Rendu par mise à disposition le 16 Janvier 2025 ;

Par Caroline ABIVEN, Vice-Présidente au Tribunal judiciaire de RENNES statuant en qualité de juge des contentieux de la protection, assistée de Emmanuelle BADUFLE, Greffier ;

Audience des débats : 07 Novembre 2024.

Le juge à l’issue des débats a avisé les parties présentes ou représentées, que la décision serait rendue le 16 Janvier 2025, conformément aux dispositions de l’article 450 du Code de Procédure Civile.

ENTRE :

DEMANDEUR

Société FRANFINANCE
[Adresse 6]
[Adresse 6]
[Localité 5]
représentée par maître Emilie FLOCH, avocate au barreau de RENNES substituée par maitre GARET, avocat au barreau de RENNES
ET :

DEFENDEUR :

Mme [I] [N]
[Adresse 1]
[Localité 3]
non comparante, ni représentée

EXPOSE DU LITIGE :

Selon offre préalable signée électroniquement le 7 février 2022, la société FRANFINANCE a consenti à Mme [I] [N] un crédit renouvelable d’un montant maximal autorisé de 3 500 €.

Plusieurs échéances n’ayant pas été honorées, la société de crédit a entendu se prévaloir de la déchéance du terme.

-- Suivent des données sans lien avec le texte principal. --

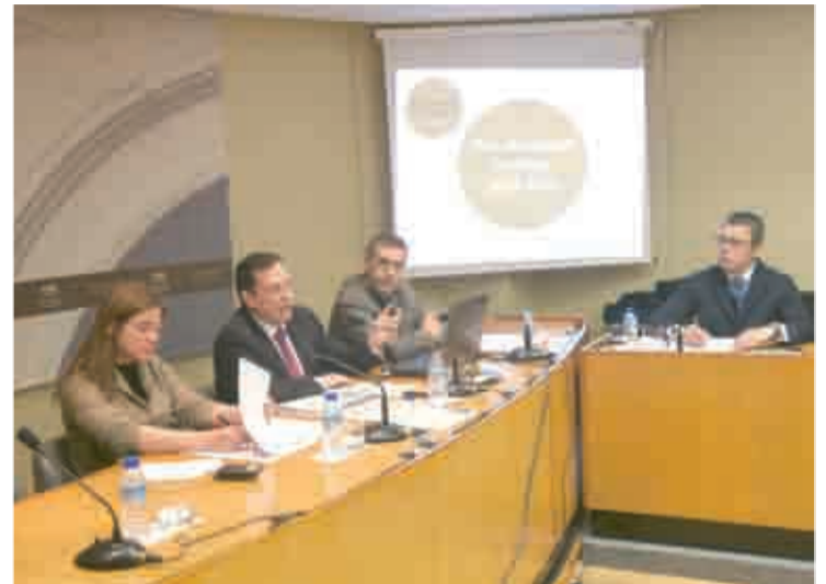
Presentación del Plan de Empleo en el Parlamento de La Rioja.

Los primeros seis proyectos que se pondrán en marcha este primer trimestre son los siguientes:

Par acte de commissaire de justice du 12 octobre 2023, la société FRANFINANCEa fait assigner Mme [I] [N] devant le juge des contentieux de la protection du tribunal judiciaire de Rennes, afin d’obtenir, sous le bénéfice de l’exécution provisoire, sa condamnation au paiement des sommes suivantes :

– 3 768,65 € avec intérêts au taux conventionnel à compter du 27 avril 2023,
– 800 € sur le fondement de l’article 700 du code de procédure civile,

ainsi qu’à supporter les dépens.

A l’audience du 7 novembre 2024 à laquelle l’affaire a été retenue après un renvoi ordonné par la juridiction, le juge a soulevé d’office les moyens tirés de l’application du code de la consommation, et notamment la déchéance du droit aux intérêts pour non respect du formalisme du crédit qui ne contient pas d’encadré inséré au début du contrat, comme le requiert l’article L312-28 du code de la consommation.

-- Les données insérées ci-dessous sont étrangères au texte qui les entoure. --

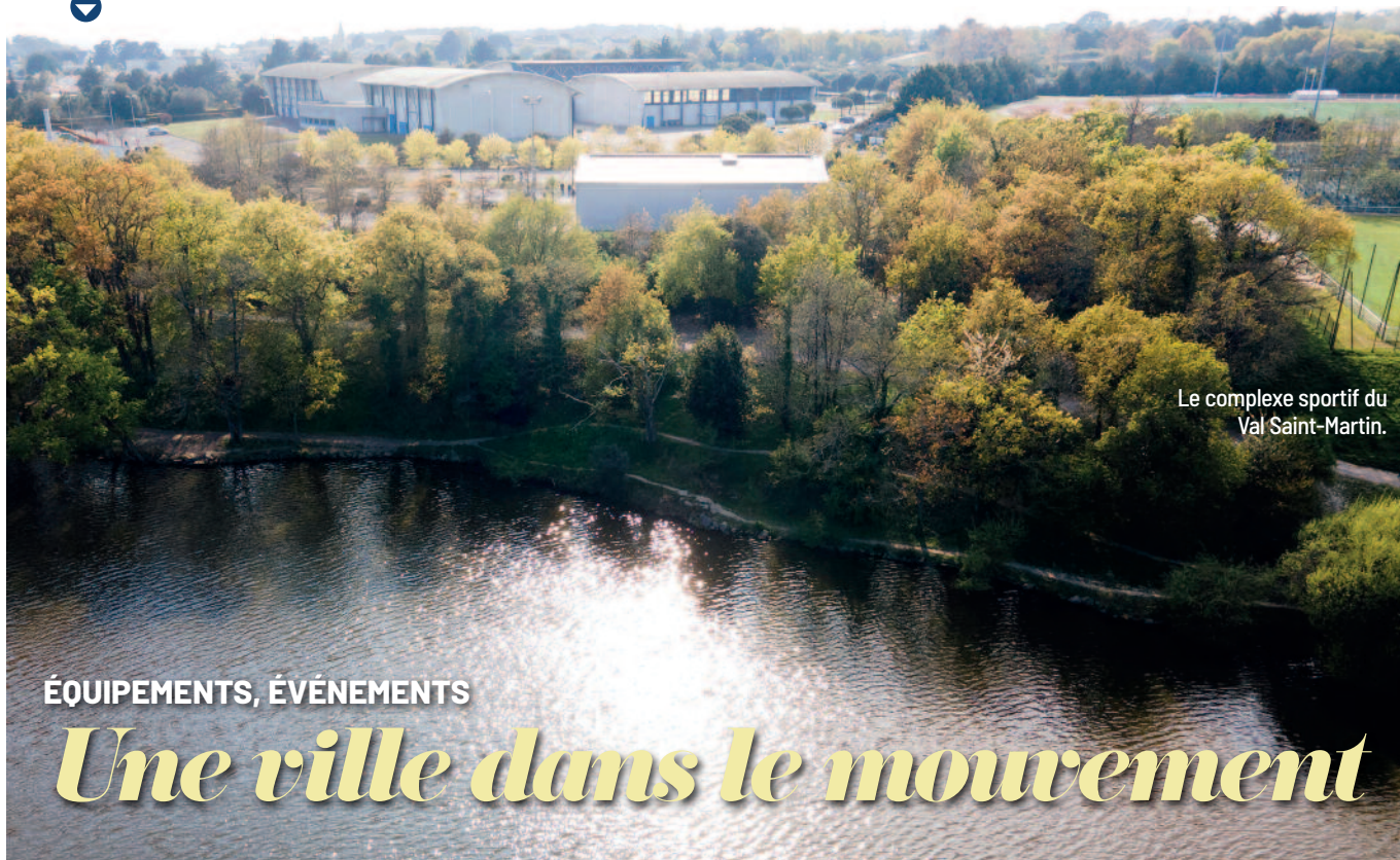
Le complexe sportif du Val Saint-Martin.

La société FRANFINANCE, comparant par ministère d’avocat, a maintenu ses demandes.

Bien que régulièrement assigné par acte remis à domicile, Mme [I] [N] n’a pas comparu.

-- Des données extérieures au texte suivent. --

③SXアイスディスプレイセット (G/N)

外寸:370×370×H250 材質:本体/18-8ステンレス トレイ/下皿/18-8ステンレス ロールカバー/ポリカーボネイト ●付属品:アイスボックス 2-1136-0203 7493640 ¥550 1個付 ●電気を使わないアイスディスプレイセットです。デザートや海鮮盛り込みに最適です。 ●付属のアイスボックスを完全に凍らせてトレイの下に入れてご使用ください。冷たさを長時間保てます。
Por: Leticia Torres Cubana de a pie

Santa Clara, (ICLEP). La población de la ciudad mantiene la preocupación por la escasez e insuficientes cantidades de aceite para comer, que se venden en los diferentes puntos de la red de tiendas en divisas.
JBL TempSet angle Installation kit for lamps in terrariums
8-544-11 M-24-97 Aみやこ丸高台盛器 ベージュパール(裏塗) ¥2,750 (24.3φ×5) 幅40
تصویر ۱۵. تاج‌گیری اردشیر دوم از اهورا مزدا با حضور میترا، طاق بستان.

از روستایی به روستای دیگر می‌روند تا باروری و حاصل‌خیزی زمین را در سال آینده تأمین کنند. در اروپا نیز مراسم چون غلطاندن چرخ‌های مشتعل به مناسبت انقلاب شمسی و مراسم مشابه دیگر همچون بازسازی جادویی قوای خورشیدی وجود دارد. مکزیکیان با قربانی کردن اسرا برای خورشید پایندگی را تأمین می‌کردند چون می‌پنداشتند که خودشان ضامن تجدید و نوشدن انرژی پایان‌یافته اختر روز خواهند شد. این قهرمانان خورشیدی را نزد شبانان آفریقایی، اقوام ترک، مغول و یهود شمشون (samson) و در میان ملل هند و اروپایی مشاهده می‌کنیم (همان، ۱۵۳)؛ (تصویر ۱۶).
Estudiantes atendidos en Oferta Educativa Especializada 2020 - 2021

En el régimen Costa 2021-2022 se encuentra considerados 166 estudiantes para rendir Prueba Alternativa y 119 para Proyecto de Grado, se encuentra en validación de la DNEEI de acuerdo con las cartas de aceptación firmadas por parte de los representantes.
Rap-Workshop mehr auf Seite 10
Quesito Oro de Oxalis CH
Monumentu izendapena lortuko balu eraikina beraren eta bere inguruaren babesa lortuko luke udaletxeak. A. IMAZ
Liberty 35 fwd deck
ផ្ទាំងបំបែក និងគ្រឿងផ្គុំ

En cet état l’affaire a été mise en délibéré, la décision étant rendue par sa mise à disposition au greffe le 16 janvier 2025.

MOTIVATION :

Il résulte des dispositions des articles 472 du code de procédure civile que :
“Si le défendeur ne comparaît pas, il est néanmoins statué sur le fond.
Le juge ne fait droit à la demande que dans la mesure où il l’estime régulière, recevable et bien fondée.”

Sur la demande principale en paiement :

L’article R.632-1 du code de la consommation permet au juge de relever d’office toutes les dispositions du code de la consommation dans les litiges nés de son application.
Le juge “ écarte d’office, après avoir recueilli les observations des parties, l’application d’une clause dont le caractère abusif ressort des éléments du débat.”

Aux termes de l’article 1134 (devenu 1103) du code civil, les conventions légalement formées engagent leurs signataires. En application des dispositions de l’article 1184 (devenu 1217) du même code, lorsque l’emprunteur cesse de verser les mensualités stipulées, le prêteur est en droit de se prévaloir de la déchéance du terme et de demander le remboursement des fonds avancés.

Il appartient toutefois au créancier qui réclame des sommes au titre d’un crédit à la consommation de justifier de la régularité de l’opération, en produisant spontanément les documents nécessaires.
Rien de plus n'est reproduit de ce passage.